Exercise goal:
From the first line of the data down to the line bearing "Entries 12 months to Jun 12", output every line exactly and include no pictures.

Data for this task:
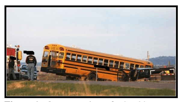
Figure 1. On scene view of school bus.

This remote investigation focused on the ejection of a child occupant of a Blue Bird school bus during a vehicle-to-vehicle crash. The crash occurred April 2008 at 1810 hours within a four-leg intersection. The subject vehicle was a 1999 Blue Bird full-size yellow school bus that was being driven by a restrained 44-year-old female ( Figure 1 ). There were 10 unrestrained children on board the bus at the time of the crash. The children were returning home from an after-school program. The other vehicle was 2004 Dodge pickup that was
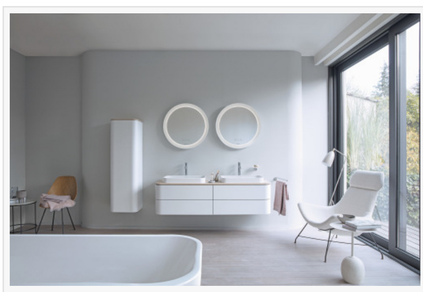
Duravit's Happy D.2 Plus Mirrors

ATLANTA, GEORGIA, USA, April 15, 2020 /EINPresswire.com/ -- <u>Duravit</u> USA, a leading manufacturer of designer bathrooms, is shining the spotlight on its versatile range of mirrors. Driven by technology and great design, the German-founded brand offers a variety of best-in-class solutions across style, dimension and price point. From the signature circular shape of the <u>Happy D.2 Plus</u> collection to the more rectangular <u>XSquare</u>, characterized by its chrome elements, the mirrors are a
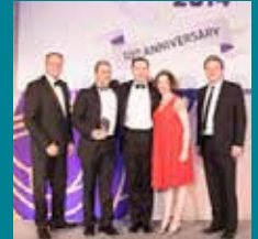
BriggsAmasco wins the Construction News Specialists Awards 2014 in the roofing category.
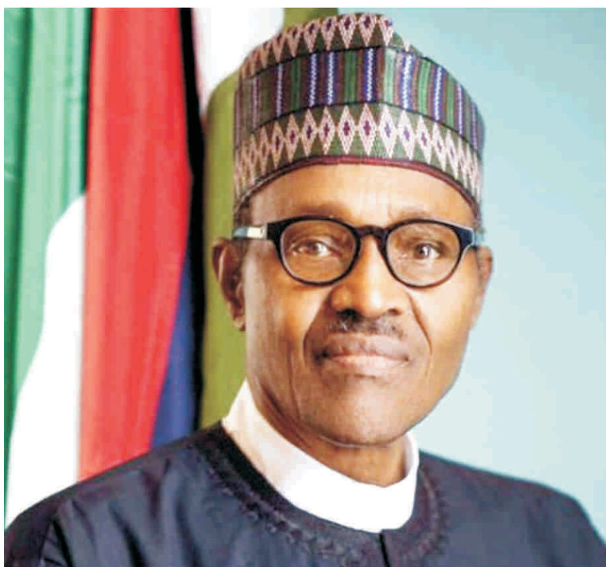
Muhammadu Buhari, GCFR President, Federal Republic of Nigeria

education and would continue to invest substantially in the
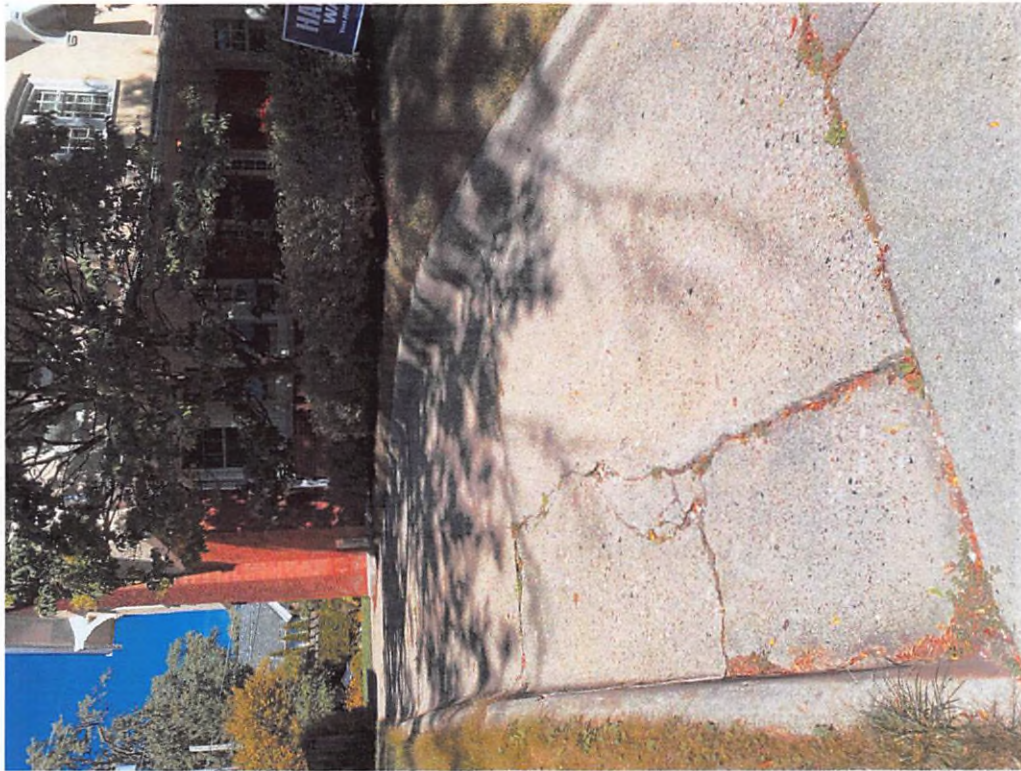
Driveway – cracked with deteriorating curbs.
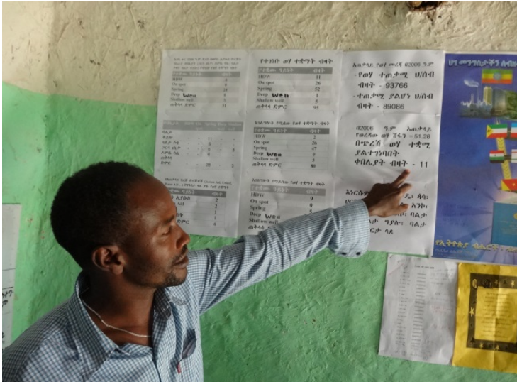
Photo: a typical spring-eye protection; Photo: showing progress on the walls of the Woreda Water, Mines and Energy office
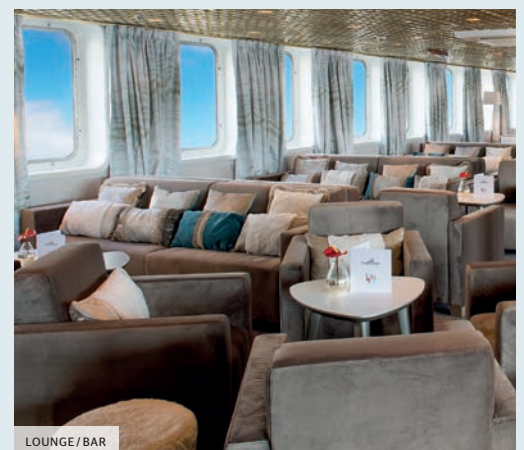
LOUNGE / BAR
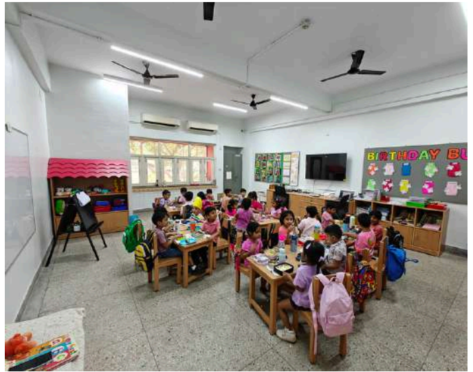
Our classroom makes us happy!
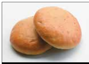
Sage & Onion Flat – Regular, Large
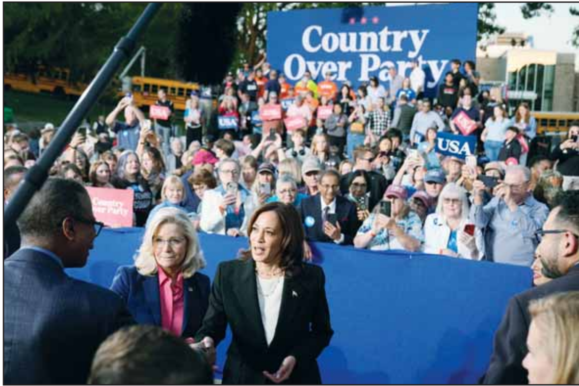
Democratic presidential nominee US Vice President Kamala Harris, (right), and former Congresswoman Liz Cheney, R-Wyo, greet attendees during a campaign event at Ripon College in Ripon, Wis on Oct 3.
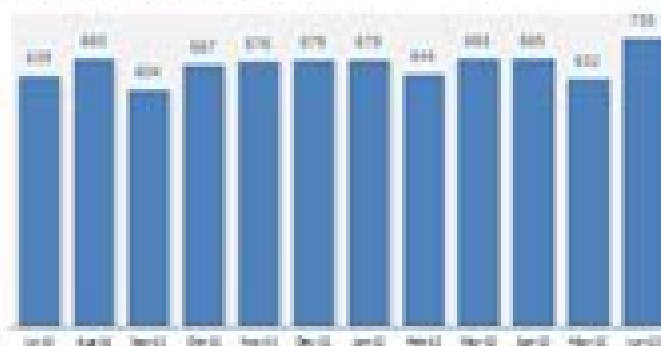
Entries 12 months to Jun 12
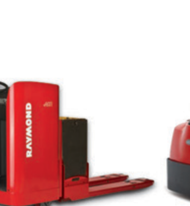
8900 RIDER PALLET TRUCK + Longer travel distances + Heavy duty cycles + Dock, horizontal transport and order picking + Load Capacity lbs. (kg): 6000, 8000 (2722, 3629)
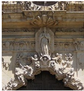
Central Stone Façade – Our Lady of Guadalupe – Misión San José y San Miguel de Aguayo

“Know for certain, littlest of my sons, that I am the perfect and perpetual Virgin Mary, Mother of the True God through Whom everything lives, the Lord of all things near and far, the Master of heaven and earth ... I am your merciful Mother. The merciful Mother of all of you who live united in this land, and of all mankind, of all those who love me. Here I will hear their weeping, their sorrow, and will remedy, and alleviate all their multiple sufferings, necessities and misfortunes ... Am I not here, I who am your Mother? Are you not under my shadow and protection? Am I not the source of your joy? Are you not in the hollow of my mantle, in the crossing of my arms? Do you need something more? Let nothing else worry you or disturb you.

Answer to this problem:
Figure 1. On scene view of school bus.

This remote investigation focused on the ejection of a child occupant of a Blue Bird school bus during a vehicle-to-vehicle crash. The crash occurred April 2008 at 1810 hours within a four-leg intersection. The subject vehicle was a 1999 Blue Bird full-size yellow school bus that was being driven by a restrained 44-year-old female ( Figure 1 ). There were 10 unrestrained children on board the bus at the time of the crash. The children were returning home from an after-school program. The other vehicle was 2004 Dodge pickup that was
Duravit's Happy D.2 Plus Mirrors

ATLANTA, GEORGIA, USA, April 15, 2020 /EINPresswire.com/ -- <u>Duravit</u> USA, a leading manufacturer of designer bathrooms, is shining the spotlight on its versatile range of mirrors. Driven by technology and great design, the German-founded brand offers a variety of best-in-class solutions across style, dimension and price point. From the signature circular shape of the <u>Happy D.2 Plus</u> collection to the more rectangular <u>XSquare</u>, characterized by its chrome elements, the mirrors are a
BriggsAmasco wins the Construction News Specialists Awards 2014 in the roofing category.
Muhammadu Buhari, GCFR President, Federal Republic of Nigeria

education and would continue to invest substantially in the
Driveway – cracked with deteriorating curbs.
Photo: a typical spring-eye protection; Photo: showing progress on the walls of the Woreda Water, Mines and Energy office
LOUNGE / BAR
Our classroom makes us happy!
Sage & Onion Flat – Regular, Large
Democratic presidential nominee US Vice President Kamala Harris, (right), and former Congresswoman Liz Cheney, R-Wyo, greet attendees during a campaign event at Ripon College in Ripon, Wis on Oct 3.
Entries 12 months to Jun 12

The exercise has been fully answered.